By: Chris L. Bruynis, Assistant Professor & OSU Extension Educator
This year is turning out to be a challenging year not only due to the weather, but due to low revenue streams into many family farm businesses. Granted not all family farms will find themselves facing financial issues, but there will be some that will. For those that will, the stress can be significant and management decisions paramount.
The starting place is to determine if the issue is a profitability, liquidity, or solvency issue. Managers need to determine if the lack of profitability is temporary due to an isolated condition or if the problem is likely to continue into future years if no business changes occur. If the business is not profitable, then management decisions need to be made to correct the problem. If management determines that business changes cannot correct the lack of profitability (like not having control over commodity prices), then they must put a timeline on how long they can or want to continue to farm waiting on these conditions to change. There are several considerations that farmers need to think about including the operator’s current age, potential income streams if they exit farming, future generations’ involvement in the business, and current net worth.
Solvency should be examined to determine the risk capacity of the farm business (see http://www.cffm.umn.edu/Publications/pubs/FarmMgtTopics/FarmFinanceScorecard.pdf to calculate and interpret financial ratios). If the farm has very low levels of debt relative to the asset valuation, there is capacity to borrow additional funds to survive the financial shortcomings of 2015. If the opposite is true, additional loans, at least from traditional sources, will probably not be an option. Solvency examines the business’ overall ability to meet its financial obligation. Liquidity is similar but only looks at the business’ current year ability to cash flow the operation. Businesses that can remain liquid, even though unprofitable, can survive the short term financial shortfall.

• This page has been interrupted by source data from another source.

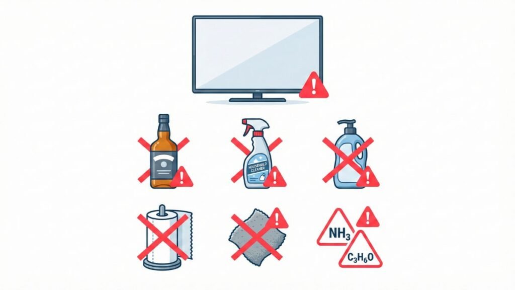 Por que danificam a tela (explicação técnica curta): muitos desses produtos têm solventes que alteram ligações químicas das camadas antirreflexo/oleofóbicas ou deixam resíduos hidrofóbicos. Atrito com fibras duras provoca microcortes na superfície, degradando a reflectância e a reprodução de cores.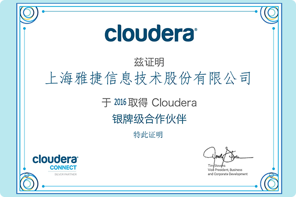 雅捷成为Cloudera银牌级合作伙伴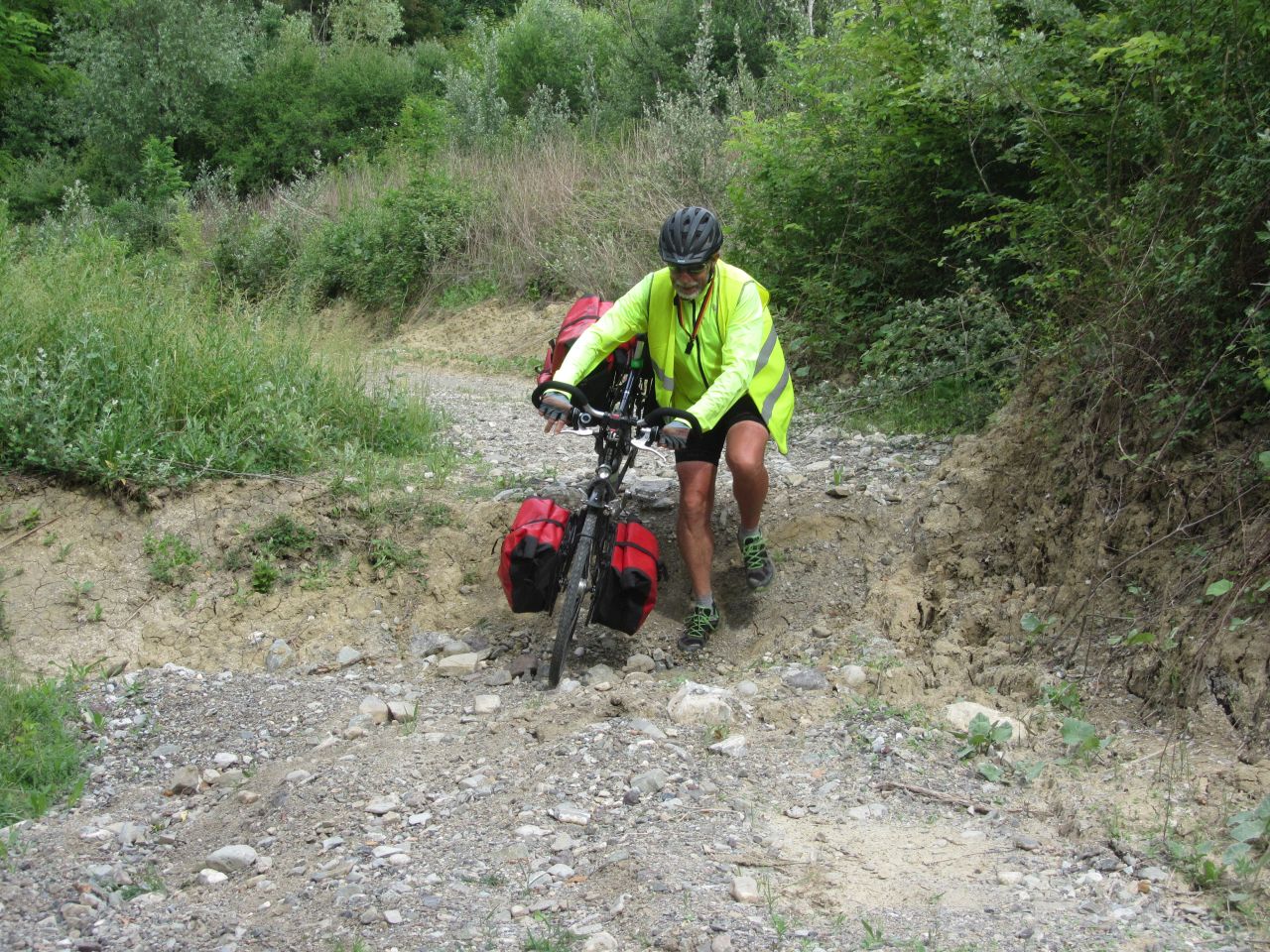 Wir fahren durch Pancole und danach hat Rainer einen unbefestigten „Fahrradweg“ als Track ausgewählt. Heinz musste erst einmal überredet werden, den Weg zu nehmen. Anfangs ging es bergab, das schafft man auch bei einem Geröllweg. Dann ist der Weg an dem Ufer eines Baches auch noch abgerutscht, da kommt man nur noch mit dem Rad durch.

Financial shortfalls are stressful on farmers and their families. Research following the farm crises of the early 1980’s showed that farmers used three strategies to manage the financial shortfalls. These were increase/extending income, decrease expenses, or increase labor income (efficiency). These concepts are not all that difficult to identify, however, actually putting them into practice is more challenging. Here is a list of ideas to consider. Be careful to think these through completely and find a strategy that does not further reduce family income or put the farm business at risk long term.
- Shift the farm business toward more profitable enterprises
- Renegotiate lease rates on assets used in the farm business (ie. land, equipment)
- Sell non-productive or unused assets
- Refinance operating loans to improve cash flow (only if financial decline is temporary)
- Seek off-farm employment only if it does not affect farm productivity(for one or more family members involved in the business)
- Increase the acres or number of livestock to improve labor efficiency on profitable enterprises (only if not already fully employed – remember you still have to have time to manage the business)
- Make sure there is a positive rate of return on all inputs (ie. fungicides, micronutrients, feed additives, etc.). If it costs to $5.00 to make $2.50, why are you doing it?
- Select lower priced inputs (providing they preform similarly – don’t pay for brand recognition)
- Delay nutrient application (providing the soil fertility is adequate to grow desired crops)
- Delay replacing capital assets (this only works until repairs, delays, etc. become greater than loan payments)
- Reduce family living costs (delay vacations, major home renovation, big ticket furniture and appliances, etc)
This is not an exhaustive list of possible management decisions that farmers can make in their businesses but a starting place to start the thought process. The main message is to pay careful attention to your business’ profitability, liquidity and solvency to make sure financial stress is identified quickly and the appropriate management decision(s) implemented to prevent further financial decline.